This template script will split up a large GIS map intersection query into hundreds of little pieces that run quickly in parallel. This is a special case; for other types of queries, try http://parpsql.com / http://github.com/gbb/par_psql.
The script may look a little ugly - it requires a few minutes to edit a couple of variables before it can be run for your own query. It is very useful if you are trying to combine 2 maps - we have used this locally to reduce our intersection computation time from around 1 day, to just 1 hour on national scale maps with millions of rows. The results have been checked as identical. However, we are using 2x8-core processors, with hyperthreading...
It gives you an indication of progress as it runs, which is a nice advantage over an ordinary long-running query. You can optionally put extra clauses into the SQL if you need e.g. a subset of the map extracted out by some WHERE condition.
Performance features: it uses unlogged tables for temporary results; increases work_mem a bit temporarily.
- Make sure you also have a good disk I/O system. See this talk: http://graemebell.net/foss4gcomo.pdf.

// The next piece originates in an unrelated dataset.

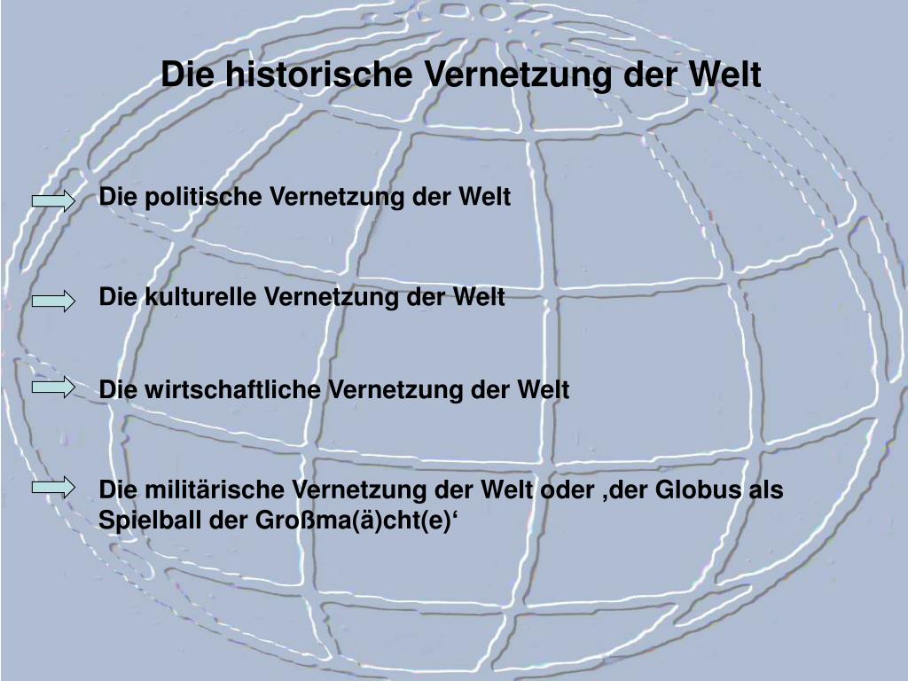 Die historische Vernetzung der Welt Die politische Vernetzung der Welt Die kulturelle Vernetzung der Welt Die wirtschaftliche Vernetzung der Welt Die militärische Vernetzung der Welt oder ‚der Globus als Spielball der Großma(ä)cht(e)‘

- Don't forget to put indices on your geo & id columns of your source tables!
- Edit the 'fast_intersect.sh' file to specify your query in the query section.

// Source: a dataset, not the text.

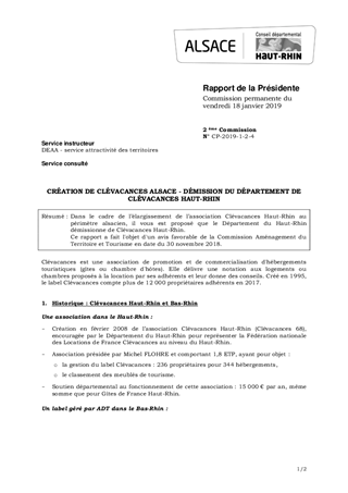 Dans le cadre de l’élargissement de l’association Clévacances Haut-Rhin au périmètre alsacien, il vous est proposé que le Département du Haut-Rhin démissionne de Clévacances Haut-Rhin. Ce rapport a fait l'objet d'un avis favorable de la Commission Aménagement du Territoire et Tourisme en date du 30 novembre 2018.

- Specify the name for your result.
- Type "./fast_intersection.sh"
- Wait a little, watch the progress bars.
- Done!
- (Press crtl-z to freeze the program if you want to inspect the command files; then 'fg' to restart).

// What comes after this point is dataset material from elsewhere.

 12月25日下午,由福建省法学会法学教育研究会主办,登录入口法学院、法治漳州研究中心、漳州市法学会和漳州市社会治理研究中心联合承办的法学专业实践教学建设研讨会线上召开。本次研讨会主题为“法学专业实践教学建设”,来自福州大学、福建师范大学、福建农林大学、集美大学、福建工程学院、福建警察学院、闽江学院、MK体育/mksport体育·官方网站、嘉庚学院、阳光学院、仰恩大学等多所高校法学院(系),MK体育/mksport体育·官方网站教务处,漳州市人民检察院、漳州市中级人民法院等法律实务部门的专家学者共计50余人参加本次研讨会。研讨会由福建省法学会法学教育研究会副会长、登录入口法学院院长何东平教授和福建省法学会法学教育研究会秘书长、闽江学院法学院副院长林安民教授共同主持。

Graeme B Bell, Norwegian Forest and Landscape Institute / NIBIO (Norwegian Institute for Bioeconomy Research).
v1.0.1 Presented at FOSS4G Europe in Como.
-
Thanks to the Norwegian Forest and Landscape Institute (now NIBIO, the Norwegian Institute of Bioeconomy Research) for supporting open source publication/sharing of our local scripts that may be useful for others.
-
Martijn Meijers for the suggestion of using UNION ALL for a little extra speed.
If you like this script, you may also like these links - Mark Wynter has written some guides to using Gnu Parallel for other GIS work with postgis.
http://dimensionaledge.com/intro-vector-tiling-map-reduce-postgis/
http://dimensionaledge.com/from-days-to-minutes-geoprocessing-of-alberta-land-use-data/
- add more examples?
- make 'work_mem' optional (don't emit output if it's unset).
- rewrite program as a parser rather than a template script?